FLSA Amendment Bars Employers from Retaining Tips But Removes DOL Prohibition on Tip Sharing

April 02, 2018

An amendment to the Fair Labor Standards Act (FLSA) in the omnibus budget bill, “Consolidated Appropriations Act, 2018,” provides that an employer “may not keep tips received by its employees for any purposes, including allowing managers or supervisors to keep any portion of employees’ tips, regardless of whether or not the employer takes a tip credit.”

However, the amendment also expressly rescinds the portions of Department of Labor (DOL) regulations that prohibited employers from requiring tipped employees to share their tips with traditionally “non-tipped” employees. That prohibition is no longer valid, thus restoring federal law as it existed prior to the 2011 regulation,i.e.,permitting, under federal law, tipped and non-tipped workers to share tips, as long as the employer does not take a “tip credit.”

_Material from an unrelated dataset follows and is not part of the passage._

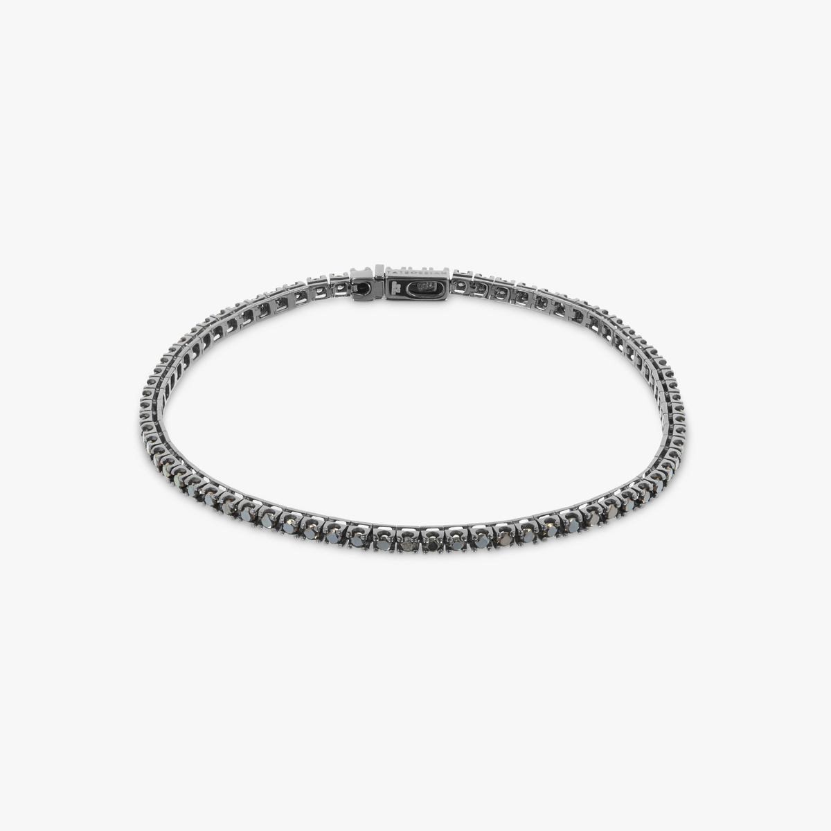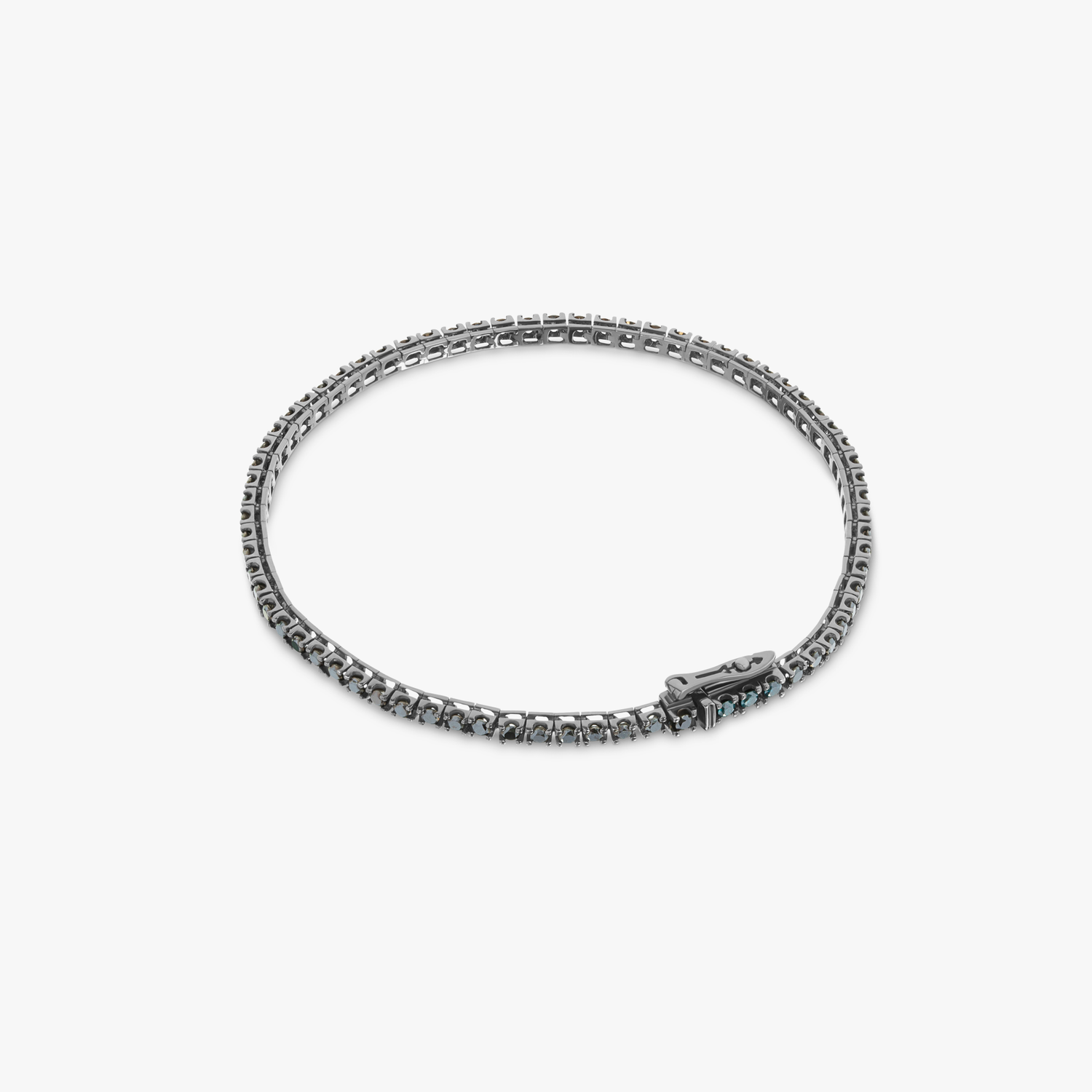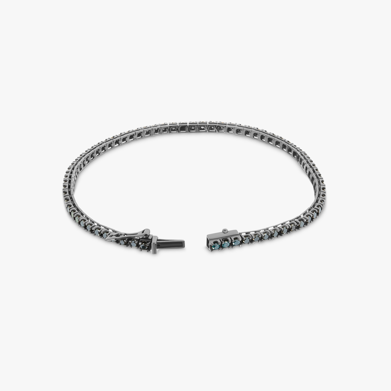 The Tennis Bracelet in Black Rhodium Plated 18K White Gold by Tateossian exemplifies timeless elegance with a modern twist. It features 68 black diamonds (1.99cts) and 3 blue diamonds (0.09cts) set meticulously in a pavé style along a single strand. The black rhodium plating adds depth and durability, enhancing the bracelet’s luminous surface and making it a striking accessory for any occasion. Designed for those who appreciate subtle luxury, this bracelet offers a captivating blend of sparkle and sophisticated design.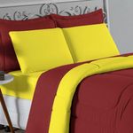 Kit Edredom Dupla Face + Jogo De Lençol Casal Viúva Nobre 6 Peças Malha 100% Algodão - Vinho / Amarelo

Trump Administration’s Proposed Rule Change

In 2017, the DOL issued a Notice of Proposed Rulemaking to rescind the tip-sharing prohibitions of a 2011 rule. However, nothing in the language of the proposed new rule would have prevented members of management, or even employers themselves, from retaining employee tips; the proposed rule did not in any way regulate tip distribution where no tip credit was sought and taken. As a result, employee advocacy groups and members of Congress balked. The DOL’s new proposal received even further backlash when accusations arose that the agency intentionally secreted a pre-proposal study showing this rule could result in employee tips being retained by employers.

New Congressional Amendment

The amendment to the FLSA unequivocally states that employers may not “retain” employee tips regardless of whether a tip credit is taken. The amendment extends this concept to prohibit “managers” and “supervisors” from retaining tips, although it fails to define those terms and, therefore, creates ambiguity as to whether employees with any supervisory authority would be prohibited from sharing tips, even if they are in positions that traditionally do so.

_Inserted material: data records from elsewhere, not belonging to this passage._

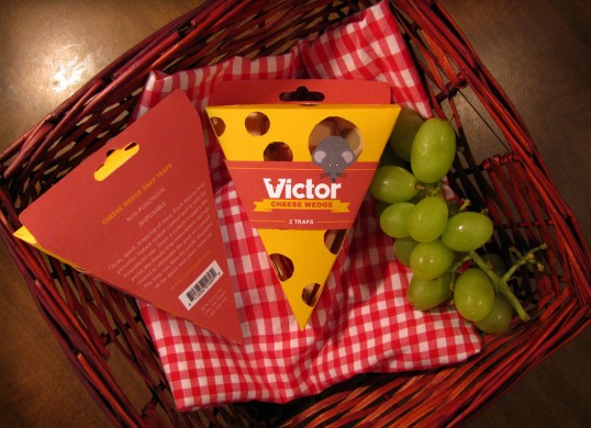 Para muestra, este diseño de empaque para ratoneras, obra de Kyle Hebert, en E.U…. Un empaque triangular, en forma de rebanada de queso; una completa ironía siendo que el queso es lo que usualmente colocamos en las ratoneras para atrapar roedores. La pieza aprovecha bien los agujeros típicos del lácteo para mostrar el producto; el diseñador hábilmente incorpora el ratón en uno de ellos y dentro de la marca, integrándolo en la «V» (que también es triangular) lo que aumenta la recordación; fíjese como la misma letra «V» con el ratón, vuelve a estar impresa en el producto. Como toque final, el diseño de la caja permite el embalaje modular, por lo que también funciona desde el punto de vista logístico, no importa si transporta en un diablito o en un contenedor. En resumen, es un diseño soberbio.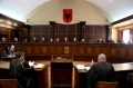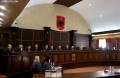 Members of the Supreme Court, Darjel Sina, Arbena Ahmeti, Asim Vokshi, Sander Simoni, Ervin Pupe, Artur Kalaja, Sokol Sadushi Ilir Panda, Sokol Binaj, Albana Boksi, Medi Bici, Gentjan Medja during a session of the United Colleges of the Supreme Court of the Republic of Albania. During the session, the judges examined criminal, civil and administrative cases.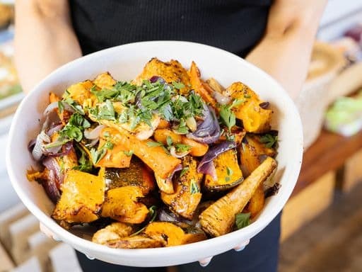 This vibrant and nourishing salad combines the earthy flavors of roasted carrots and cauliflower with the warmth of harissa and a touch of sweetness from honey. Served on a base of wholesome brown rice and protein-rich chickpeas. The addition of toasted almonds, sweet raisins, crunchy pepitas, fresh coriander, and spinach brings a mix of crunch and freshness to every bite. The harissa and honey dressing ties everything together with a perfect balance of heat and sweetness, creating a delightful flavor explosion. This dish is not only vegetarian but also dairy-free and gluten-free, making it suitable for a wide range of dietary needs. Please note it contains onion and garlic for extra depth of flavor.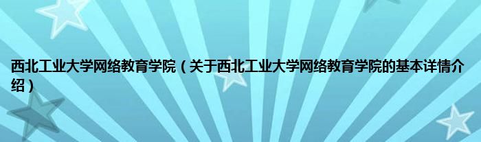 西北工业大学网络教育学院(关于西北工业大学网络教育学院的基本详情介绍)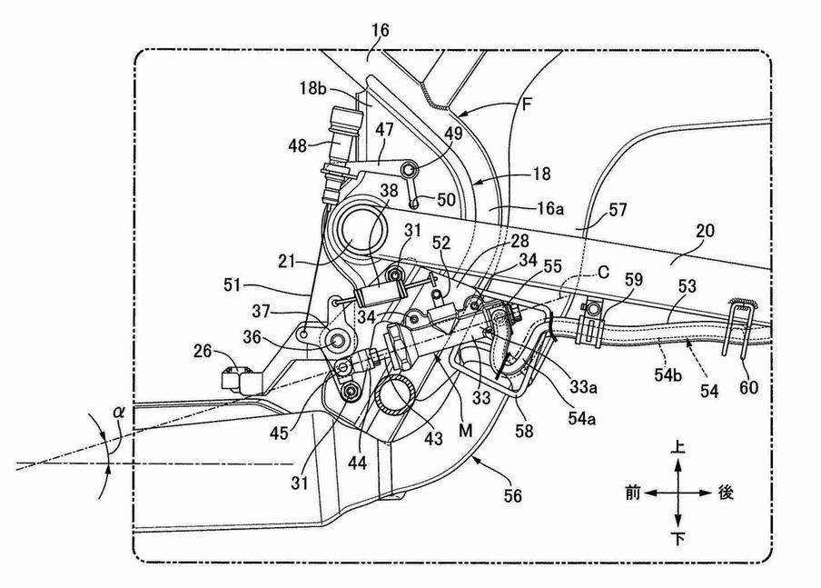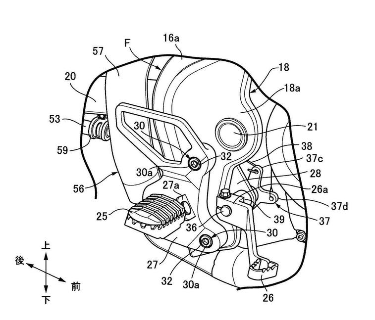 Решение Honda кажется простым: в патентной заявке показаны подножки, крепящиеся на легкосплавной пластине, которая в свою очередь привинчена к штатным креплениям на раме, но это создаёт новую проблему для конструкторов - с размещением главного тормозного цилиндра заднего тормоза и концевика стоп-сигнала. В патенте 2019 года объяснено решение этих вопросов.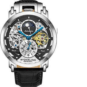 Caractéristiques de la montre automatique pour homme Stuhrling Orignal - Montre squelette pour homme - Montre habillée de luxe en cuir - Montre mécanique - Boîtier en acier inoxydable - Montre analogique à remontage automatique pour homme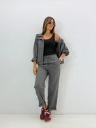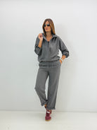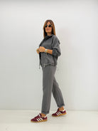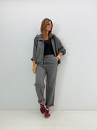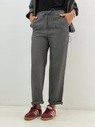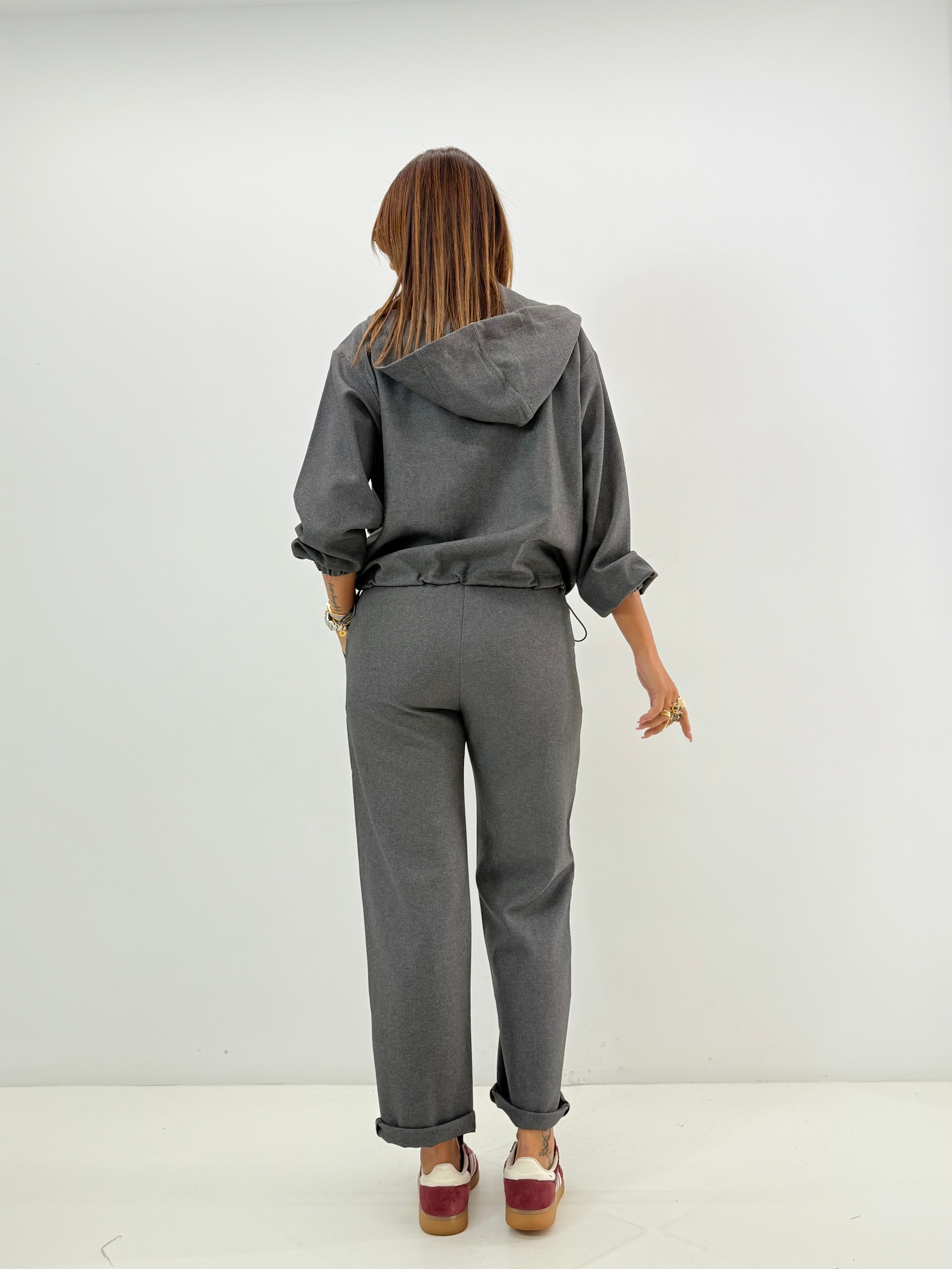 Pantalone con elastico in vita e coulisse regolabile, tasche laterali a lunetta.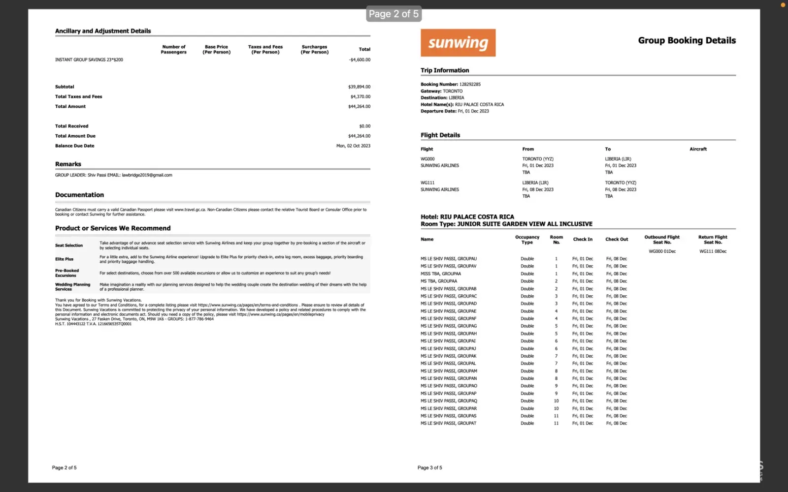 We were supposed to be traveling on December 1st to the 8th from Toronto to Costa Rica on a family trip which included 22 of us including my brother that passed away recently. Unfortunately, my brother was admitted to ICU last week and he passed way unexpectedly. We had emailed Christina Hajja our agent if last week while my brother as in ICU if she could assist us in anyway but due to the fact that we had not purchased insurance she stated that Sunwing will not be refunded any of the $44,000 or change the dates.. I called several times asking if they could just simply move the booking to another during Sunwing's offseason and we would be happy to pay an additional charge but none of your representatives seemed to care or show any empathy for the unfortunate turn of events for my grieving family with the holiday season being around. I understand we did not purchase the insurance but most travel companies would extend the courtesy to at least let us push back the trip due to the untimely death of a loved one.

The amendment further provides that a violation of this provision subjects the employer to a civil penalty of up to $1,100 for each such violation, as well as liability to the affected employee(s) for the unlawfully retained tips and an equal amount in liquidated damages. Moreover, if the employer retains tips and takes a tip credit, the penalty also includes loss of the tip credit in addition to disgorgement of the unlawfully retained tips.

To the extent that it precludes employers from keeping tips, the provision is in accord with the 2011 rule. However, in a return to the pre-2011 rule, the amendment will allow employers to require traditionally tipped employees to share their tips with traditionally non-tipped employees — as long as the tipped employees are paid at least the full minimum wage.

To recap, the amendment to the FLSA establishes a compromise: it permits tip splitting among and with non-supervisory, non-service employees (such as cooks) where no tip credit is taken, but otherwise forbids distribution of tips to such employees when a tip credit is taken, and categorically bans retention of tips by an employer, manager, or supervisor under either scenario.